> [WORK ORDER]:
Every record must be copied exactly, except that pictures are dropped.
MATERIAL SUPPLIED section start
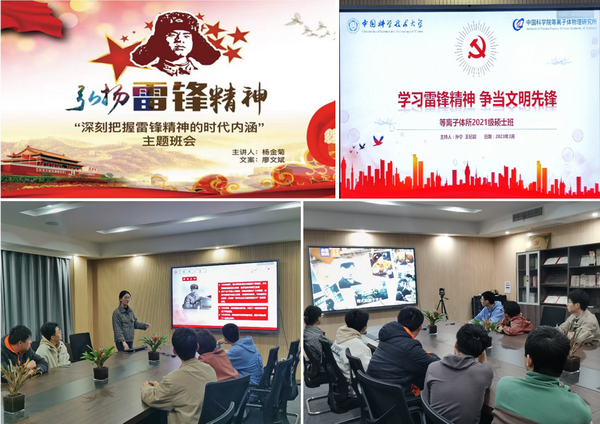 等离子体所21和22级硕士班,分别开展“学习雷锋精神,争当文明先锋” “深刻把握雷锋精神的时代内涵”主题班会。同学们观看纪录片,学习雷锋生平事迹,认真分享观后感;并结合日常生活中助人互助的经历,把握雷锋精神的时代内涵。
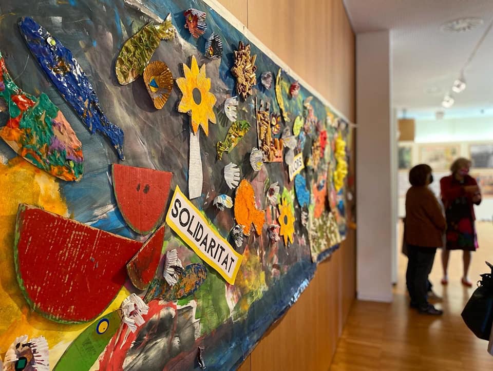 A l’entrada de la sala hi comparteix protagonisme una petita mostra dels treballs que durant el curs 2020-2021 van realitzar els alumnes de l’escola Martí Poch entorn a la figura i obra de l’autor montblanquí.
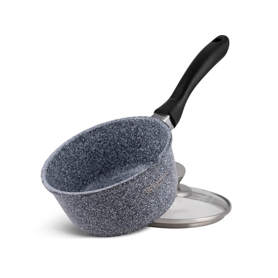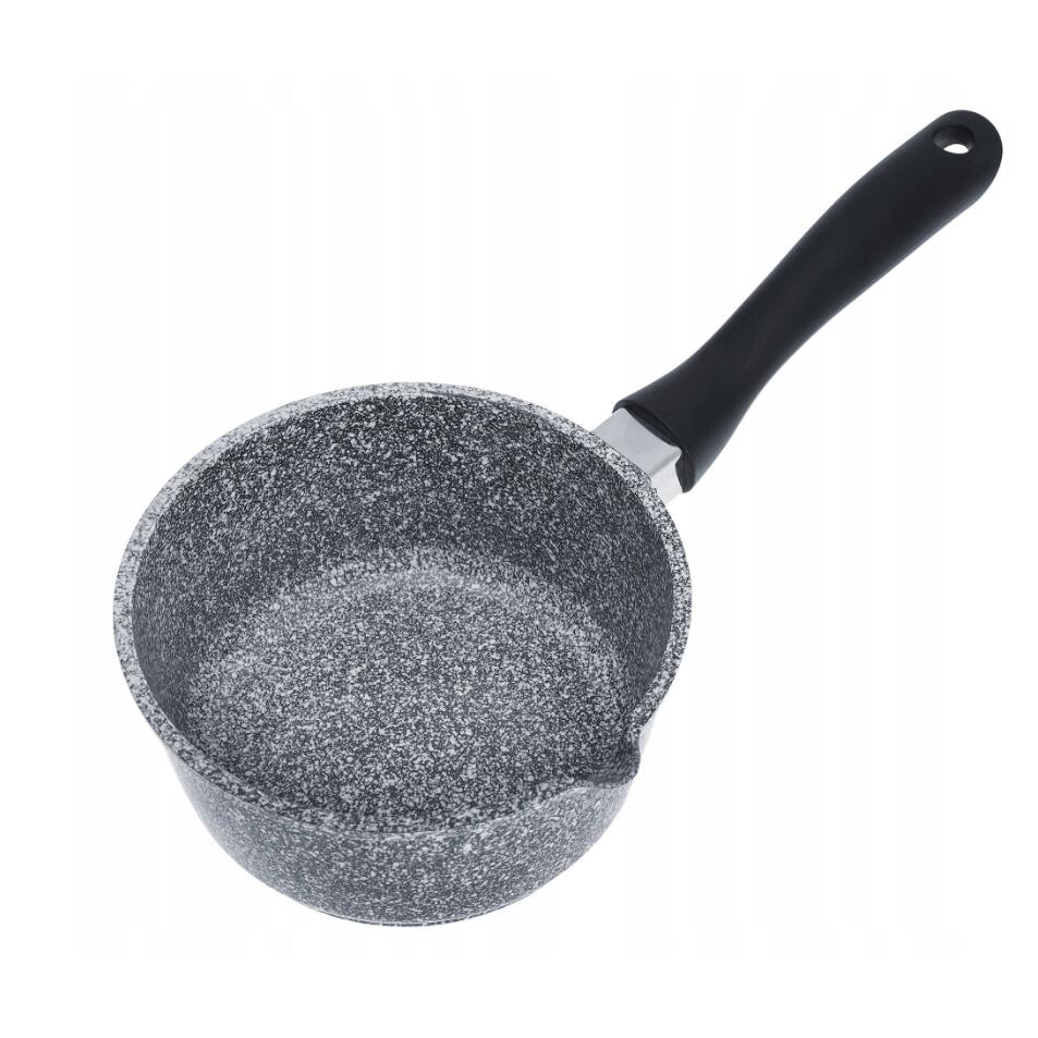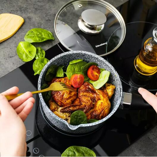O cratiță din aluminiu turnat sub presiune, rezistentă la căldură, cu un strat de ceramică marmorată pentru gătit sănătos.
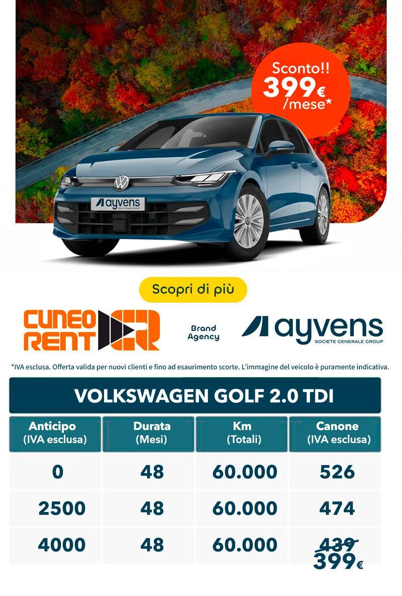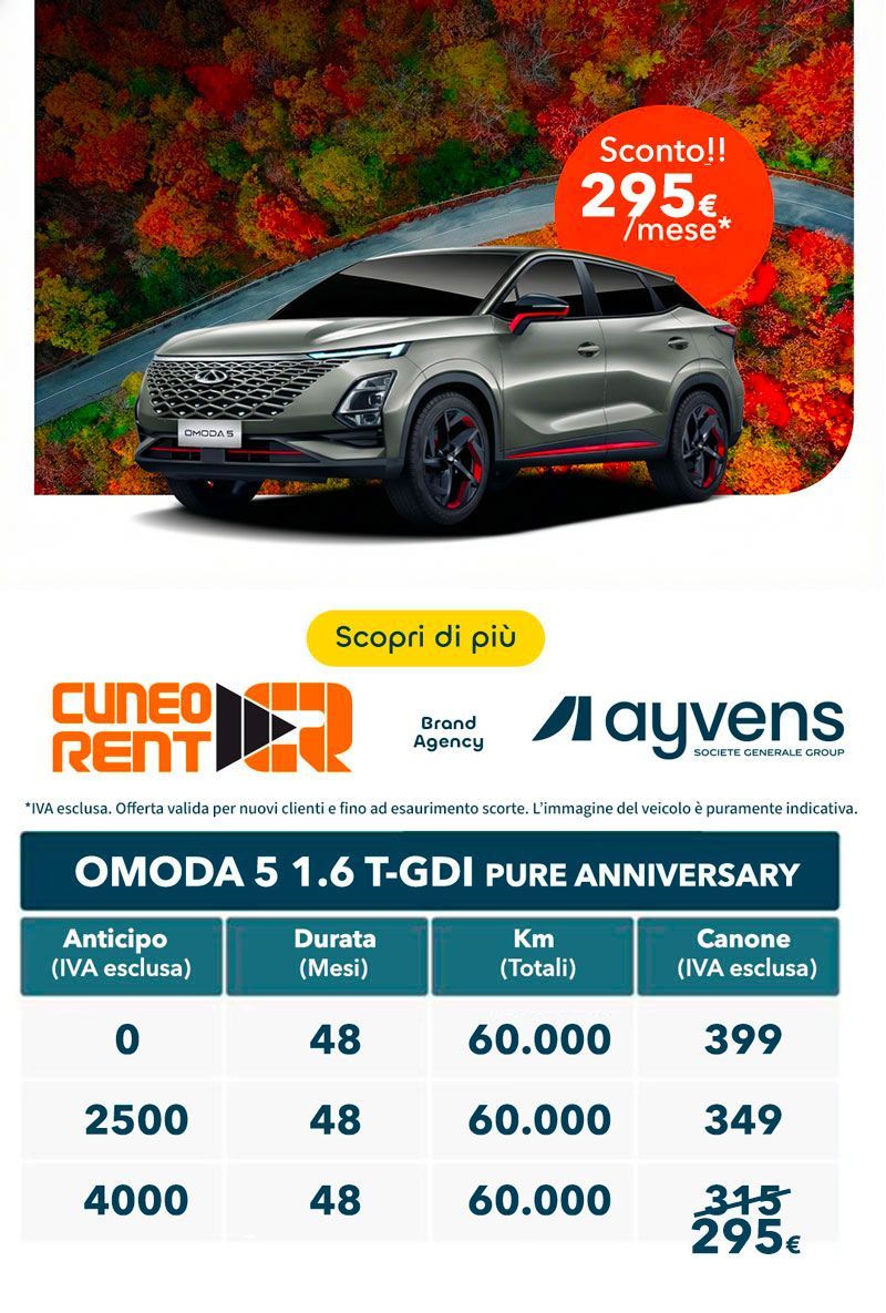 Ogni mese pensiamo a qualcosa di speciale per te, con promozioni per il noleggio auto con tariffe super vantaggiose. Hai un viaggio di lavoro o di piacere in programma a breve? Ecco le nostre imperdibili offerte per l’autonoleggio giornaliero, settimanale o mensile! Da Cuneo Rent, proponiamo sconti esclusivi che ti permetteranno di vivere un'esperienza di noleggio senza pensieri. Che tu abbia bisogno di un'auto per un breve fine settimana o per un mese intero, troverai sempre la soluzione più adatta e conveniente. Non perdere l'opportunità di approfittare delle nostre tariffe competitive e inizia a pianificare il tuo prossimo viaggio con serenità. Visita il nostro sito o contattaci direttamente per scoprire tutte le offerte del mese!
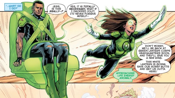 The issue is also an opportunity for writer Sam Humphries and artist Ronan Cliquet to put Jessica through her paces and have fun with the constructs she creates. Jessica takes charge this issue, and I especially enjoyed her strapping Simon in what’s essentially a child’s car seat so she can easily tote him around and keep him out of danger. As for Simon, the pieces of his shattered Power Ring are now embedded in his arm, the ramifications of which are saved for another issue. But despite the languid pace with which Humphries doles out his story, I continue to be onboard for the fun.
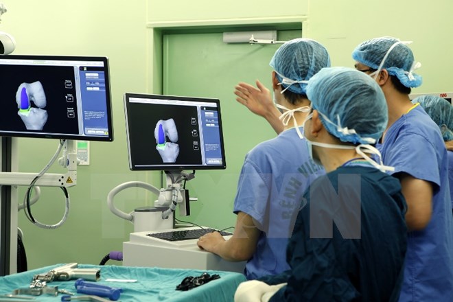 | Cán bộ y tế hội chẩn kết quả chụp CT khớp gối của bệnh nhân tại Bệnh viện Bạch Mai. (Ảnh: Dương Ngọc/TTXVN) |
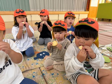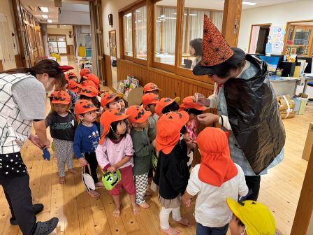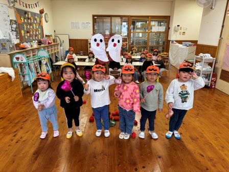 次回はわらべうたベビーマッサージ・作品展見学です。ベビーマッサージは0歳児対象ですが、その後の活動は全年齢対象で参加できます。活動後はみんなでお話ししたり遊んだりできますので遊びに来てくださいね。受付時間はHPをご覧ください。 | | | | + ハロウィンパーティー楽しんだよ★りす組 | | 2025/11/01 |  | ハロウィンパーティーをしましたー 帽子に顔を付けてかぼちゃに変身!その後は、みんなで玉入れ対決をしたり、りす組さん得意な大きな声で「トリック・オア・トリート!」とみんなで言って、おやつをもらいました。おやつをもらってとても嬉しそうでした。 これからも楽しいこといっぱいしようね(^▽^) S.M | | | | + 10月のお誕生日会! | | 2025/10/30 | | 今日は10月うまれの子の誕生日会がありました。 みんなでハッピーバースデーやどんぐりころころの歌をプレゼントしました。 先生の出し物はジェスチャークイズ!先生たちの動きをよーく見て答えを当てる事ができました(^^)/ H/R | | |
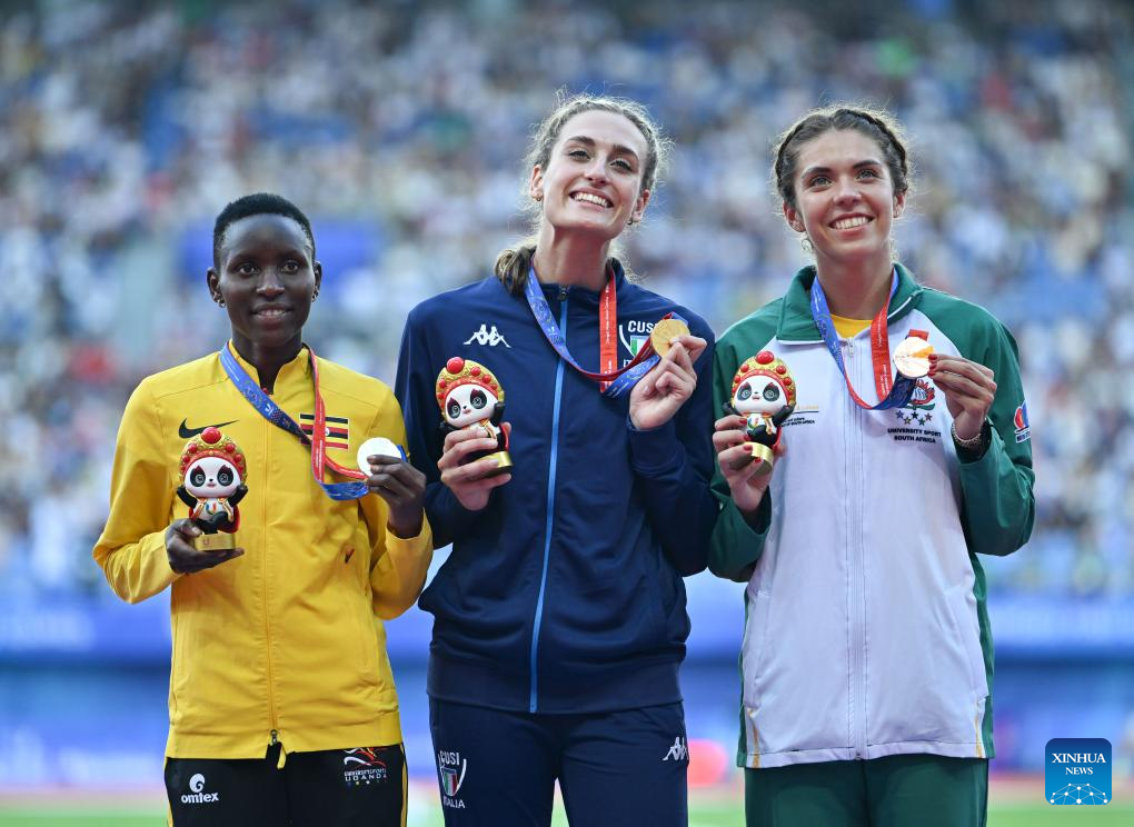 Gold medalist Laura Pellicoro (C) of Italy, silver medalist Knight Aciru (L) of Uganda and bronze medalist Charne Swart of South Africa pose for photos during the awarding ceremony for the athletics women's 800m at the 31st FISU Summer World University Games in Chengdu, southwest China's Sichuan Province, Aug. 3, 2023. (Xinhua/Cai Xiangxin)
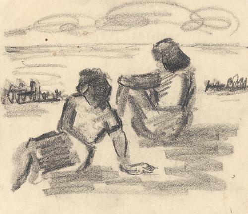 2 Zittende figuren in een landschap
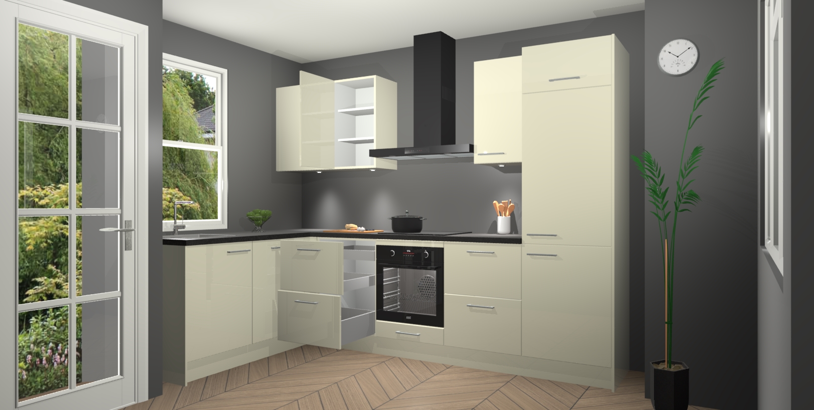 U hoeft zich ook geen zorgen te maken over een gebrek aan opbergruimte, want deze keuken heeft voldoende opbergmogelijkheden zowel boven als onder het aanrecht. Om het leven nog makkelijker te maken, wordt deze moderne hoekkeuken geleverd met 5 ingebouwde apparaten, waaronder een oven, inductiekookplaat, afzuigkap, vaatwasser en koelkast, zodat u in een mum van tijd klaar bent voor actie!
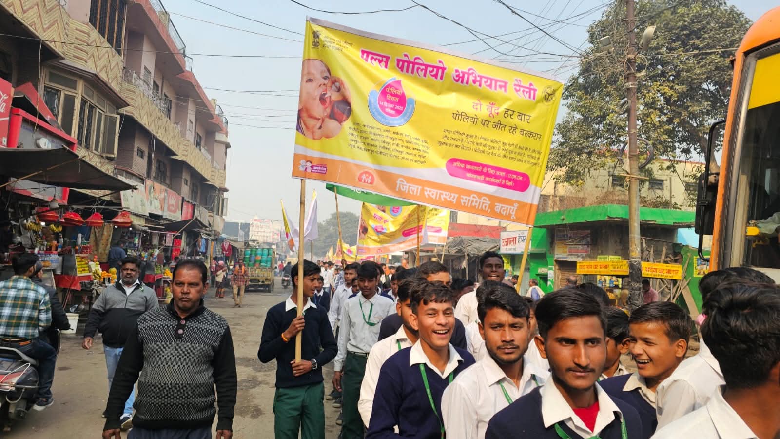 बदायूं : मुख्य चिकित्सा अधिकारी (सीएमओ) ने बताया कि जिले में एसएनआईडी पल्स पोलियो अभियान 14 दिसंबर 2025 को चलाया जाएगा। इस दिन 0 से 5 वर्ष तक के सभी बच्चों को पोलियो की दो बूंदें पिलाई जाएंगी।अभियान के बारे में जागरूकता फैलाने के लिए 12 दिसंबर को सीएमओ कार्यालय से एक रैली निकाली गई। रैली को सदर विधायक महेशचंद गुप्ता और मुख्य चिकित्सा अधिकारी डॉ. रामेश्वर मिश्रा ने हरी झंडी दिखाकर रवाना किया। रैली में विभिन्न स्कूलों के छात्र–छात्राओं और अध्यापकों ने हिस्सा लिया। यह रैली सीएमओ कार्यालय से शुरू होकर भगवान परशुराम चौक, रोडवेज, पुलिस लाइन, वन विभाग होते हुए वापस सीएमओ कार्यालय पर समाप्त हुई। पल्स पोलियो अभियान की गतिविधियां इस प्रकार रहेंगी—14 दिसंबर 2025: बूथ पर पोलियो ड्रॉप पिलाई जाएगी 15 से 19 दिसंबर: घर–घर जाकर टीम बच्चों को दवा पिलाएगी 22 दिसंबर: बी-टीम द्वारा पुनः गतिविधियां चलाई जाएंगी रैली में एसीएमओ, डीसीएमओ, जिला प्रतिरक्षण अधिकारी, डब्ल्यूएचओ के एसएमओ, यूनिसेफ कोऑर्डिनेटर, डीएचईआईओ, अर्बन कोऑर्डिनेटर सहित कई अधिकारी मौजूद रहे।
MATERIAL SUPPLIED section end
> [RESULT OF THE EXERCISE]:
 等离子体所21和22级硕士班,分别开展“学习雷锋精神,争当文明先锋” “深刻把握雷锋精神的时代内涵”主题班会。同学们观看纪录片,学习雷锋生平事迹,认真分享观后感;并结合日常生活中助人互助的经历,把握雷锋精神的时代内涵。
 A l’entrada de la sala hi comparteix protagonisme una petita mostra dels treballs que durant el curs 2020-2021 van realitzar els alumnes de l’escola Martí Poch entorn a la figura i obra de l’autor montblanquí.
O cratiță din aluminiu turnat sub presiune, rezistentă la căldură, cu un strat de ceramică marmorată pentru gătit sănătos.
 Ogni mese pensiamo a qualcosa di speciale per te, con promozioni per il noleggio auto con tariffe super vantaggiose. Hai un viaggio di lavoro o di piacere in programma a breve? Ecco le nostre imperdibili offerte per l’autonoleggio giornaliero, settimanale o mensile! Da Cuneo Rent, proponiamo sconti esclusivi che ti permetteranno di vivere un'esperienza di noleggio senza pensieri. Che tu abbia bisogno di un'auto per un breve fine settimana o per un mese intero, troverai sempre la soluzione più adatta e conveniente. Non perdere l'opportunità di approfittare delle nostre tariffe competitive e inizia a pianificare il tuo prossimo viaggio con serenità. Visita il nostro sito o contattaci direttamente per scoprire tutte le offerte del mese!
 The issue is also an opportunity for writer Sam Humphries and artist Ronan Cliquet to put Jessica through her paces and have fun with the constructs she creates. Jessica takes charge this issue, and I especially enjoyed her strapping Simon in what’s essentially a child’s car seat so she can easily tote him around and keep him out of danger. As for Simon, the pieces of his shattered Power Ring are now embedded in his arm, the ramifications of which are saved for another issue. But despite the languid pace with which Humphries doles out his story, I continue to be onboard for the fun.
 | Cán bộ y tế hội chẩn kết quả chụp CT khớp gối của bệnh nhân tại Bệnh viện Bạch Mai. (Ảnh: Dương Ngọc/TTXVN) |
 次回はわらべうたベビーマッサージ・作品展見学です。ベビーマッサージは0歳児対象ですが、その後の活動は全年齢対象で参加できます。活動後はみんなでお話ししたり遊んだりできますので遊びに来てくださいね。受付時間はHPをご覧ください。 | | | | + ハロウィンパーティー楽しんだよ★りす組 | | 2025/11/01 |  | ハロウィンパーティーをしましたー 帽子に顔を付けてかぼちゃに変身!その後は、みんなで玉入れ対決をしたり、りす組さん得意な大きな声で「トリック・オア・トリート!」とみんなで言って、おやつをもらいました。おやつをもらってとても嬉しそうでした。 これからも楽しいこといっぱいしようね(^▽^) S.M | | | | + 10月のお誕生日会! | | 2025/10/30 | | 今日は10月うまれの子の誕生日会がありました。 みんなでハッピーバースデーやどんぐりころころの歌をプレゼントしました。 先生の出し物はジェスチャークイズ!先生たちの動きをよーく見て答えを当てる事ができました(^^)/ H/R | | |
 Gold medalist Laura Pellicoro (C) of Italy, silver medalist Knight Aciru (L) of Uganda and bronze medalist Charne Swart of South Africa pose for photos during the awarding ceremony for the athletics women's 800m at the 31st FISU Summer World University Games in Chengdu, southwest China's Sichuan Province, Aug. 3, 2023. (Xinhua/Cai Xiangxin)
 2 Zittende figuren in een landschap
 U hoeft zich ook geen zorgen te maken over een gebrek aan opbergruimte, want deze keuken heeft voldoende opbergmogelijkheden zowel boven als onder het aanrecht. Om het leven nog makkelijker te maken, wordt deze moderne hoekkeuken geleverd met 5 ingebouwde apparaten, waaronder een oven, inductiekookplaat, afzuigkap, vaatwasser en koelkast, zodat u in een mum van tijd klaar bent voor actie!
 बदायूं : मुख्य चिकित्सा अधिकारी (सीएमओ) ने बताया कि जिले में एसएनआईडी पल्स पोलियो अभियान 14 दिसंबर 2025 को चलाया जाएगा। इस दिन 0 से 5 वर्ष तक के सभी बच्चों को पोलियो की दो बूंदें पिलाई जाएंगी।अभियान के बारे में जागरूकता फैलाने के लिए 12 दिसंबर को सीएमओ कार्यालय से एक रैली निकाली गई। रैली को सदर विधायक महेशचंद गुप्ता और मुख्य चिकित्सा अधिकारी डॉ. रामेश्वर मिश्रा ने हरी झंडी दिखाकर रवाना किया। रैली में विभिन्न स्कूलों के छात्र–छात्राओं और अध्यापकों ने हिस्सा लिया। यह रैली सीएमओ कार्यालय से शुरू होकर भगवान परशुराम चौक, रोडवेज, पुलिस लाइन, वन विभाग होते हुए वापस सीएमओ कार्यालय पर समाप्त हुई। पल्स पोलियो अभियान की गतिविधियां इस प्रकार रहेंगी—14 दिसंबर 2025: बूथ पर पोलियो ड्रॉप पिलाई जाएगी 15 से 19 दिसंबर: घर–घर जाकर टीम बच्चों को दवा पिलाएगी 22 दिसंबर: बी-टीम द्वारा पुनः गतिविधियां चलाई जाएंगी रैली में एसीएमओ, डीसीएमओ, जिला प्रतिरक्षण अधिकारी, डब्ल्यूएचओ के एसएमओ, यूनिसेफ कोऑर्डिनेटर, डीएचईआईओ, अर्बन कोऑर्डिनेटर सहित कई अधिकारी मौजूद रहे।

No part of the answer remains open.